# Auto Top Off..



## cablemike (Jan 7, 2009)

Anyone know how to make one that works? I bought the float switch and it fried the first time i used it.. I cant even go away camping for the weekend in fear that my pumps will run dry if im not home to add water daily. If anyone can build one for me or show me how to build one i would be in your debt. My surface skimmer on my prizm deluxe is useless as the water evaporates too fast and i find my seld having to reprime my skimmer daily when i come home from work..


----------



## conix67 (Jul 27, 2008)

I got a second hand float switch (dual, one for backup) which can be used in tank (snail guard included) as you have seen in my nano setup before, hooked up to the cheap aqualifter pump and it worked well. I'd suggest go for something similar (float switch kits are available in many places I believe) for low cost setup.


----------



## UnderTheSea (Jun 2, 2008)

Feel free to stop off and take a look at my setup. I utilize a solenoid from autotopoff.com, a timer and a humidifier float from HD. I've been using for about 4 years now and never have failed.

Hook up solenoid pre - ro unit and plug into a timer (Timer is on for about an hour each day).

From the ro unit, hook up the line feeding your tank to the humidifier float valve in your sump.

Now this was 4 years ago but it cost me about $65


----------



## conix67 (Jul 27, 2008)

I don't think Mike has a sump yet...


----------



## cablemike (Jan 7, 2009)

nope no sump.. cant have one.. no space.. turtles tank is under my display tank.. though i did get a 15 gallon sump for free a while back but i need an overflow and return pump.. not keen on drilling my full tank.


----------



## cablemike (Jan 7, 2009)

as i still dont have an ro unit i may just get the coralife unit and the auto top off for it..


----------



## Symphy68 (Sep 1, 2008)

*Tunze Osmolator*

You can solve all your problems with a Tunze osmolator

Visit Tunze.com

Good luck


----------



## ameekplec. (May 1, 2008)

cablemike said:


> as i still dont have an ro unit i may just get the coralife unit and the auto top off for it..


Don't bother with a Coralife unit. Get something better.

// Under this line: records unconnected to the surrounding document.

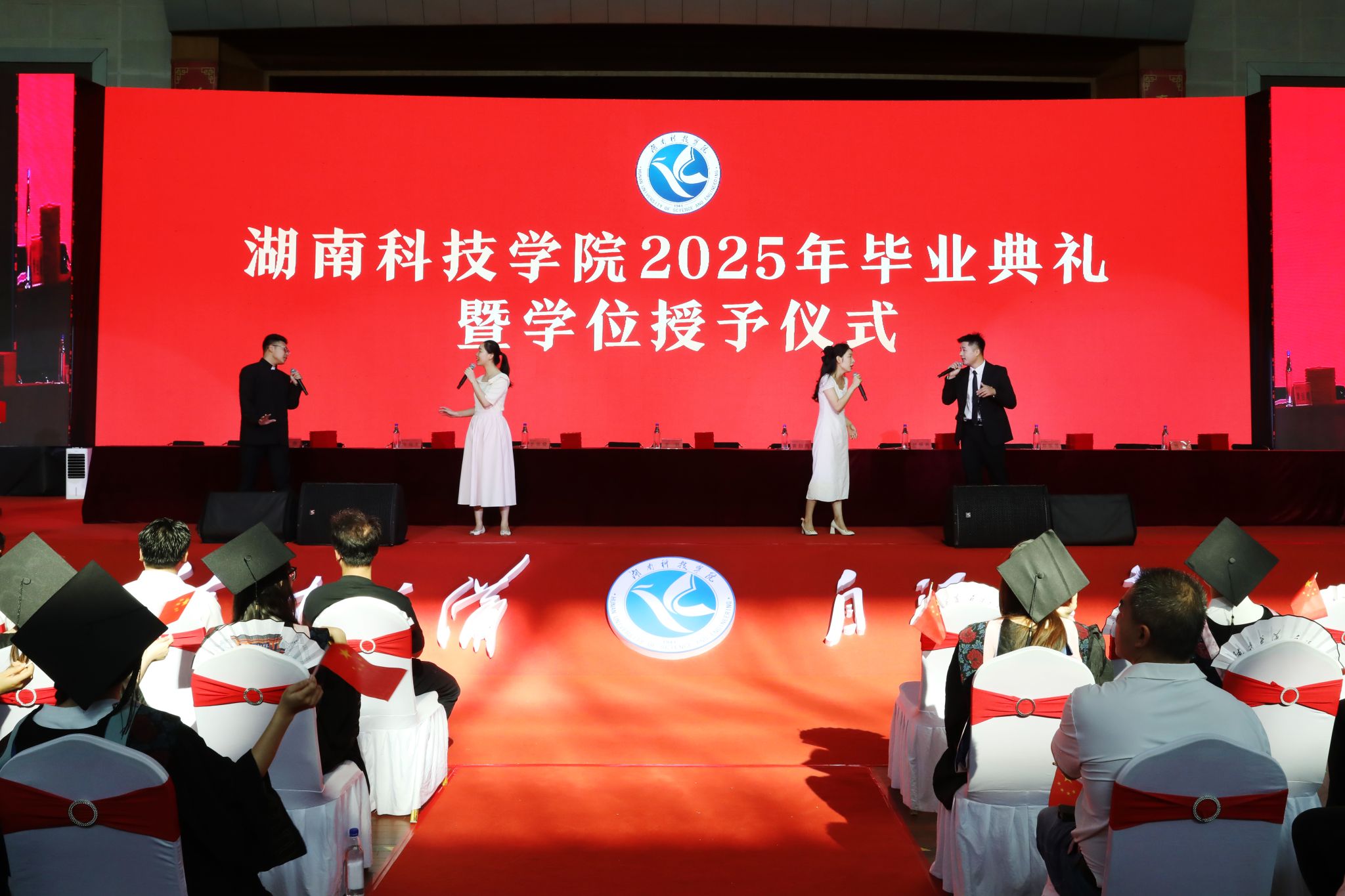 毕业典礼前,全体师生以歌声共鸣青春脉搏,表达对毕业生们最美好的祝福,紧随其后的《遇见・湘科院》原创毕业短片,用光影勾勒了学子们的成长轨迹,既串联起大学四年的珍贵记忆,更表达出他们对未来人生的憧憬与向往。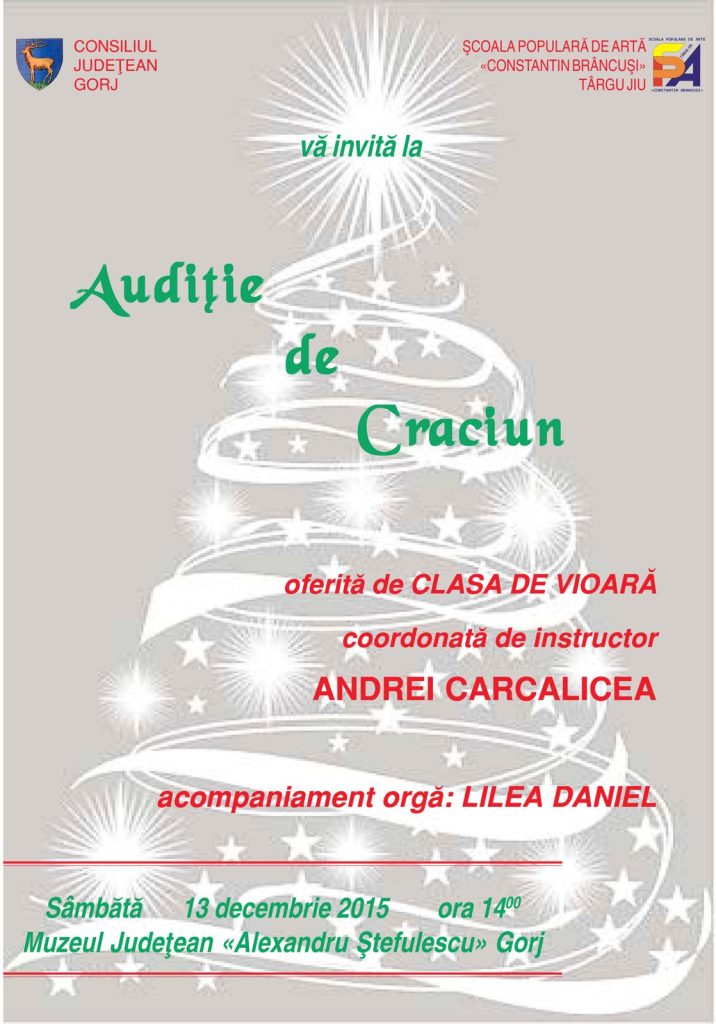 Sâmbătă, 13 decembrie , începând cu ora 11:00, la Riviera by Anna Events, va avea loc o nouă ediție a tradiționalului eveniment ”Sub bradul de Crăciun”, eveniment ce va reuni peste 200 de copii și tineri. Publicul se va bucura de momente artistice susținute de cursanții școlii, pasionați de muzică și dans. Colindele și piesele din repertoriul specific iernii vor aduce bucuria Crăciunului într-o atmosferă caldă,posibilă prin munca cursanților noștri și cu sprijinul părinților. De asemenea, de la ora 14:00, vă așteptăm la Muzeul Județean Gorj ”Alexandru Ștefulescu” la Audiția deCrăciun susținută de clasa de vioară, coordonată de Andrei carcalicea, dirijorul Ansamblului Folcloric ”Maria Lătărețu” Târgu Jiu. Micii instrumentitști au pregătit piese din folclorul autentic gorjenesc, dar și un program de colinde.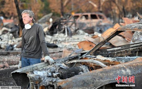 当地时间10月20日,美国加州山火过后,民众返回家园。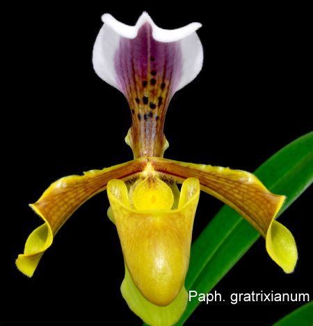 Der englische Botaniker MASTERS beschrieb diese neue Art auf Wunsch von SANDERS nach einem guten Kunden der Firma, dem Industriellen GRATRIX aus Manchester, als Paphiopedilum gratrixianum.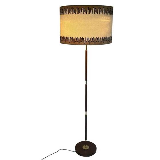 Temde Leuchten - Floor lamp - Space age design - Brass and teak wooden base - fabric covered shade - ca. 1960’s

BWI says their 90gpd (or was it 75gpd?) units are going to be back in stock in about a week - you're much better off getting a decent unit from them rather than a crappy unit somewhere else.
http://bwiplumbing.com/ca/index.php...ra-1-4-stage-ro-di-automated-coming-soon.html

That, and Tyler is like 2 minutes from your house if I recall correctly.


----------



## ameekplec. (May 1, 2008)

Symphy68 said:


> You can solve all your problems with a Tunze osmolator
> 
> Visit Tunze.com
> 
> Good luck


Good solution too - it's what I use.


----------



## cablemike (Jan 7, 2009)

how many organs am i gonna have to sell for that unit? what do they go for and who sells them locally?


----------



## ameekplec. (May 1, 2008)

Tunzes? Sea U Marine has them. I think it was just over $200, but it's well worth it. I've never read of one killing somebody's tank, unlike just about every lower-end ATO out there.

IMO, it's one of those things that you really don't want screwing up - if it floods your tank, it will kill most things in there, and flood your tank into your stand, potentially frying things and causing a fire, and spilling onto your floor ruining carpets and hardwood floors.....and causing the end of the world.


----------



## cablemike (Jan 7, 2009)

so this includes everything.. that would be great.. the jbj units cost 170.00 and dont include a pump..


----------



## ameekplec. (May 1, 2008)

Yeah - once you factor in the pump, the JBJ unit is almost as expensive as the Tunze. Also, the JBJ uses two float valves - the Tunze uses a float valve as a secondary sensor - the main one is a much more reliable optical sensor, since there are no moving parts to fail.


----------



## Symphy68 (Sep 1, 2008)

*Tunze VS JBJ*

With all the respect JBJ has a long long way to go to measure up to Tunze.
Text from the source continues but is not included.